Here is a conceptual pipeline:

App logs cost events
→ Pub/Sub (Kafka, Cloud Pub/Sub)
→ Stream processor (Flink, Dataflow)
→ BigQuery / Snowflake (warehouse)
→ Grafana / Looker (dashboard)

For a simpler setup (small teams, low volume):

App logs to PostgreSQL
→ cron job (hourly) aggregates and stores in Metrics table
→ Flask web app queries Metrics, renders dashboard

The simpler setup is easier to build and maintain; the complex setup scales to billions of events/day. Start simple; scale up only if needed.

Building a Lightweight Cost Dashboard with PostgreSQL + Flask

Here is a minimal, production-ready dashboard in one afternoon:

import flask
import psycopg2
from datetime import datetime, timedelta
import json

app = flask.Flask(__name__)
db_url = "postgresql://user:password@localhost/cost_db"

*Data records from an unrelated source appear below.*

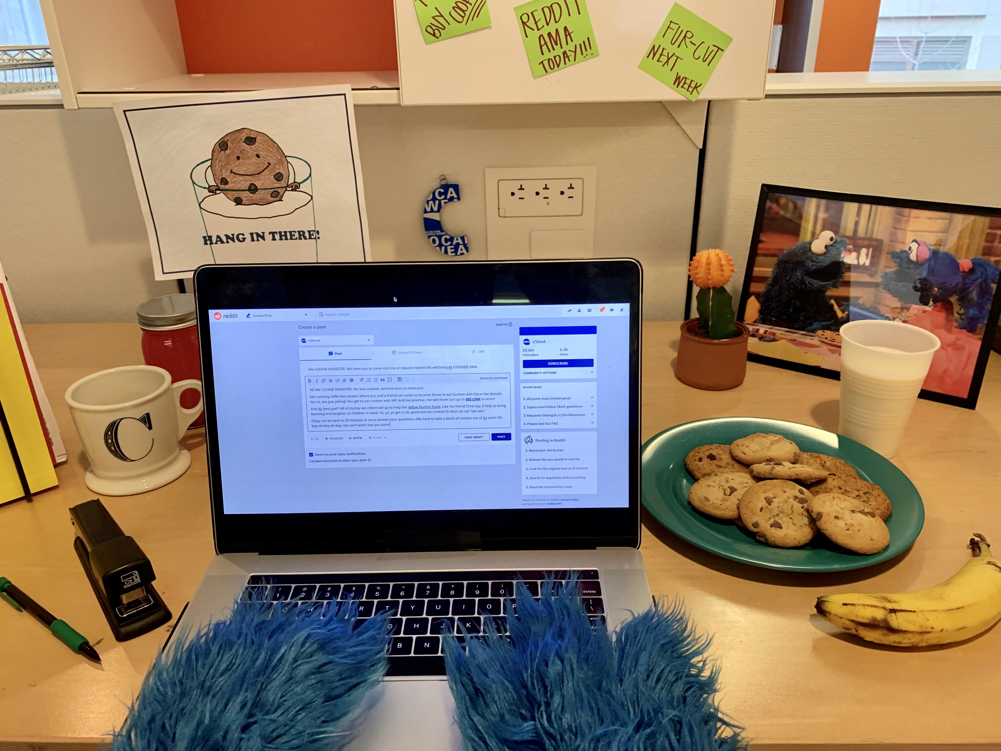 Cookie Monster announced his AMA on Twitter moments before the event began.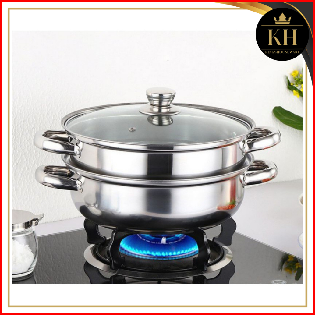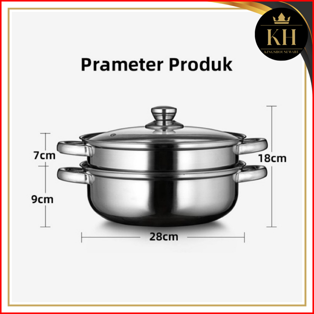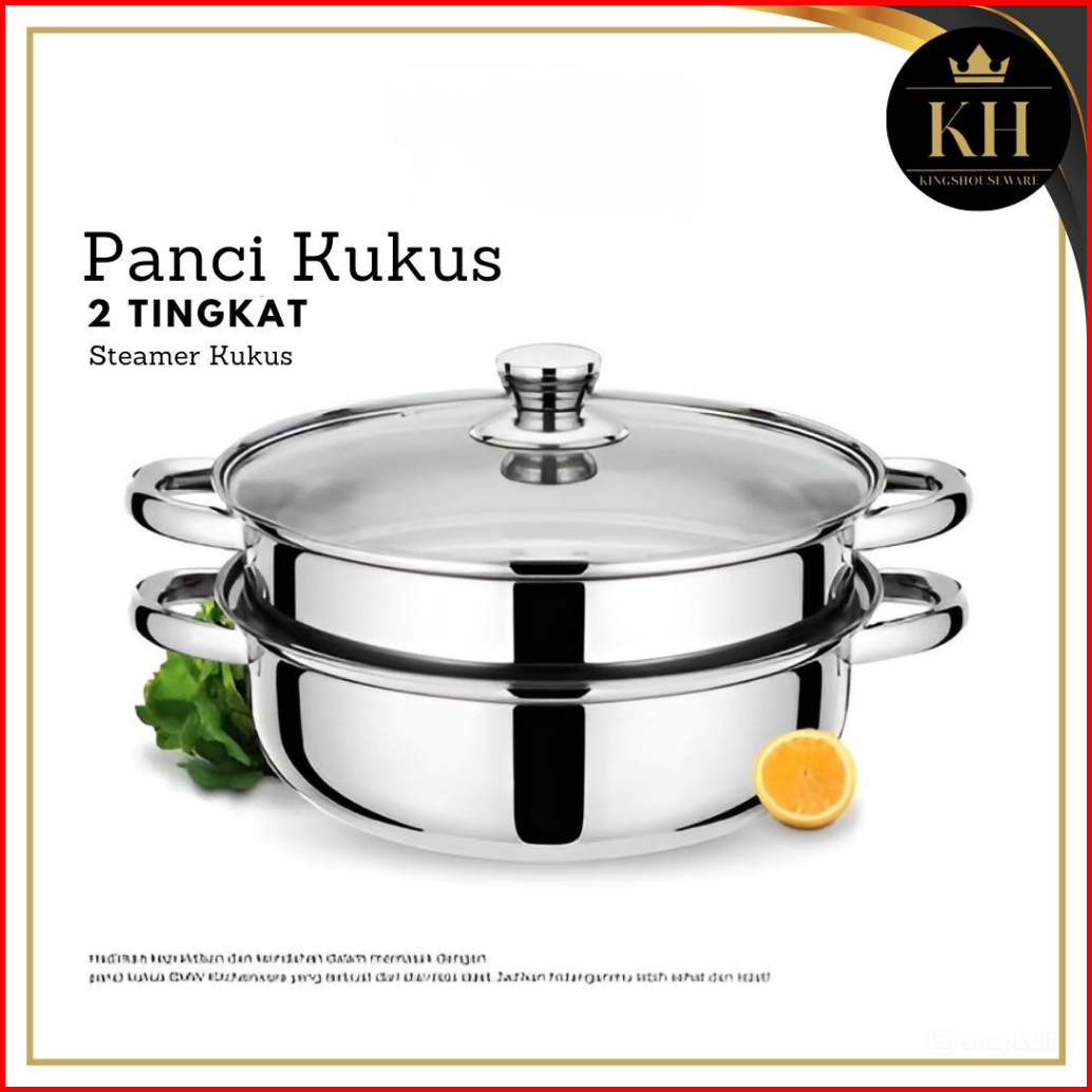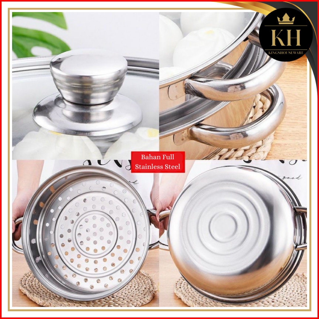 Kh - Steamer Steinless Panci Kukus 2 Tingkat - Alat Kukus 4 Kuping Dengan Tutup Kaca - Kukus Siomay Berkualitas
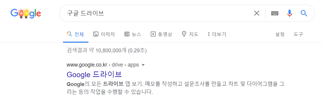 구글 계정이 있다면 인터넷 검색에서 구글 드라이브라고 검색합니다. 아래 사진에 나온 구글 드라이브 사이트로 접속합니다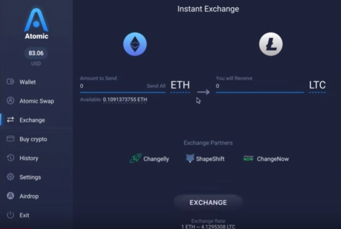 А вот Atomic Wallet это может делать. Не только ETH, BTC, LTC, но и свыше 300 монет доступны к обмену. И это, несомненно, одно из главных отличительных условий использования кошелька.

def query_cost_by_feature(days: int = 30) -> list[dict]:
"""Query total cost by feature over last N days."""
conn = psycopg2.connect(db_url)
cur = conn.cursor()

cur.execute("""
SELECT
feature_name,
DATE(timestamp) AS date,
SUM(cost_usd) AS total_cost,
COUNT(*) AS request_count,
AVG(cost_usd) AS avg_cost_per_request
FROM cost_events
WHERE timestamp > NOW() - INTERVAL '%s days'
GROUP BY feature_name, date
ORDER BY date DESC, total_cost DESC
""", (days,))

results = [
{
"feature": row[0],
"date": str(row[1]),
"total_cost": float(row[2]),
"request_count": int(row[3]),
"avg_cost": float(row[4]),
}
for row in cur.fetchall()
]
conn.close()
return results

def query_spend_forecast(days_elapsed: int = 15) -> dict:
"""Forecast monthly spend based on burn rate so far."""
conn = psycopg2.connect(db_url)
cur = conn.cursor()

# Get current month's spend so far
cur.execute("""
SELECT SUM(cost_usd) FROM cost_events
WHERE DATE_TRUNC('month', timestamp) = DATE_TRUNC('month', NOW())
""")

spend_so_far = cur.fetchone()[0] or 0
days_in_month = 30
daily_burn = spend_so_far / max(days_elapsed, 1)
forecasted_monthly = daily_burn * days_in_month

conn.close()
return {
"spend_so_far": round(spend_so_far, 2),
"days_elapsed": days_elapsed,
"daily_burn_rate": round(daily_burn, 2),
"forecasted_monthly": round(forecasted_monthly, 2),
}

def query_cost_anomalies(threshold: float = 0.5) -> list[dict]:
"""Detect anomalies: features with cost jumps >50% vs 7-day average."""
conn = psycopg2.connect(db_url)
cur = conn.cursor()

cur.execute("""
WITH daily_costs AS (
SELECT
feature_name,
DATE(timestamp) AS date,
SUM(cost_usd) AS daily_cost
FROM cost_events
WHERE timestamp > NOW() - INTERVAL '8 days'
GROUP BY feature_name, date
),
weekly_avg AS (
SELECT
feature_name,
AVG(daily_cost) AS avg_cost,
STDDEV(daily_cost) AS stddev_cost
FROM daily_costs
WHERE date < CURRENT_DATE
GROUP BY feature_name
)
SELECT
dc.feature_name,
dc.date,
dc.daily_cost,
wa.avg_cost,
(dc.daily_cost - wa.avg_cost) / NULLIF(wa.avg_cost, 0) AS pct_change
FROM daily_costs dc
JOIN weekly_avg wa ON dc.feature_name = wa.feature_name
WHERE dc.date = CURRENT_DATE
AND ABS((dc.daily_cost - wa.avg_cost) / NULLIF(wa.avg_cost, 0)) > %s
ORDER BY pct_change DESC
""", (threshold,))

anomalies = [
{
"feature": row[0],
"date": str(row[1]),
"today_cost": float(row[2]),
"week_avg": float(row[3]),
"pct_change": float(row[4]) * 100,
}
for row in cur.fetchall()
]
conn.close()
return anomalies

@app.route('/')
def dashboard():
"""Render main dashboard."""
cost_by_feature = query_cost_by_feature(days=30)
forecast = query_spend_forecast()
anomalies = query_cost_anomalies()

return flask.render_template('dashboard.html',
cost_by_feature=cost_by_feature,
forecast=forecast,
anomalies=anomalies,
)

@app.route('/api/cost-by-feature')
def api_cost_by_feature():
"""JSON API for frontend charting."""
return flask.jsonify(query_cost_by_feature(days=30))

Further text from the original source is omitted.